There were yer classic Britpop character songs ….back in the early 80s one of the seeds was sown: “the [Jam] album I fall in love with is Setting Sons. It's less Vespa and Parka than All Mod Cons, more crafted, satirical and Kinks-ish. It's crammed full of narratives about wasted lives and class rivalries... council houses, rusting bicycles and holy Coca-Cola tins... 'Smithers-Jones': I don't think I've ever heard a pop song with lyrics about a ground-down, pinstripe-suit-wearing middle-aged man before.” (p.54) But it was the songs about love and sex which stuck in my memory most.
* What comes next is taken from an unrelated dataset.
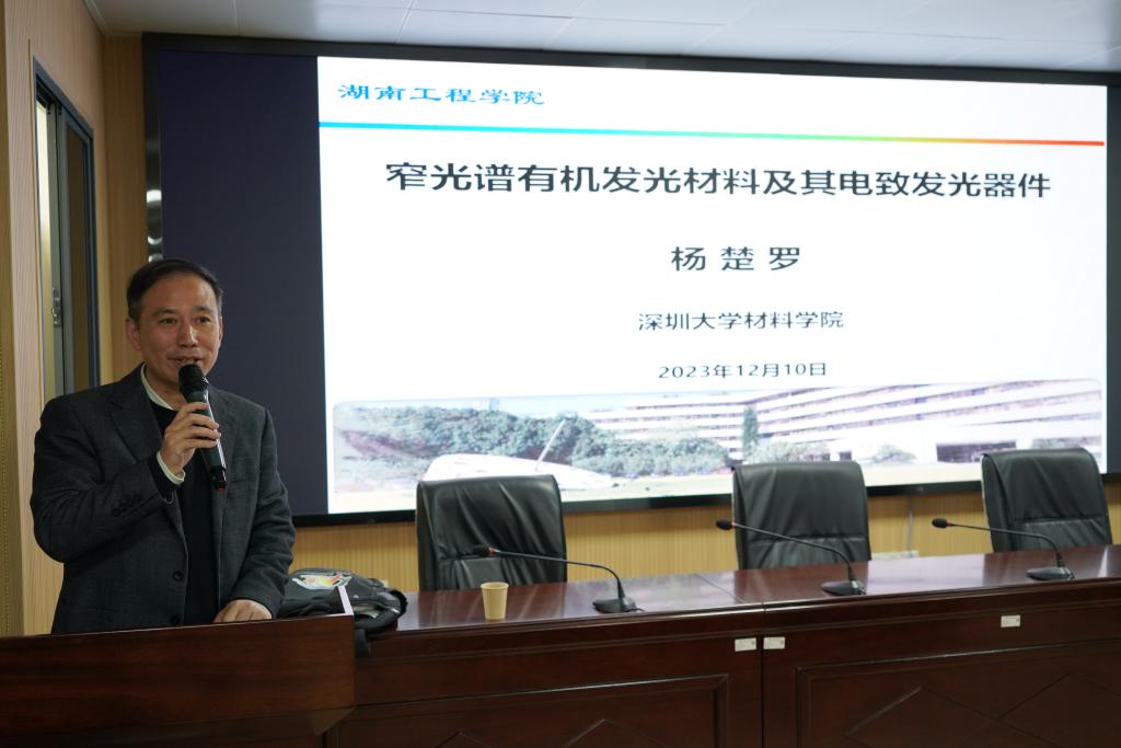 12月11日下午,国家杰出青年基金获得者、全国百篇优秀博士学位论文指导老师、深圳大学材料公司教授杨楚罗受邀来校,在材化楼A301作题为“窄光谱有机发光材料及其电致发光器件”专题学术讲座,必一运动经理邓继勇主持。

'What Do I Do Now?', even before I'd experienced a moribund relationship, was almost too real and painful to listen to, and there's something great about the way it's so simple, so poignant and catchy and jaunty. It wasn't for years, till I'd realised about my own Inbetweeners and my dismissiveness of them that I really heard what she'd been on about in that track. Or 'Delicious', “a frank, gorgeous, throwaway, punky pop gem about the pure lustful joy of having it off with someone [you] really really like”. And which enshrined that word for me; it's rare I use it without thinking of the song. Though I always had to block out the line that created the unattractive image of some hulk of a rugby player gone to seed (“you're a big man but you're out of shape” … her type isn't mine). I never bought the second album – it didn't seem cool and I'd probably disagreed with too many of Louise's interviews – though I've heard a few friends praise it since. Sleeper are maybe a band where you'd recommend a few tracks – likewise I'd like to recommend bits of Just For One Day rather than the whole thing, though books don't really work that way.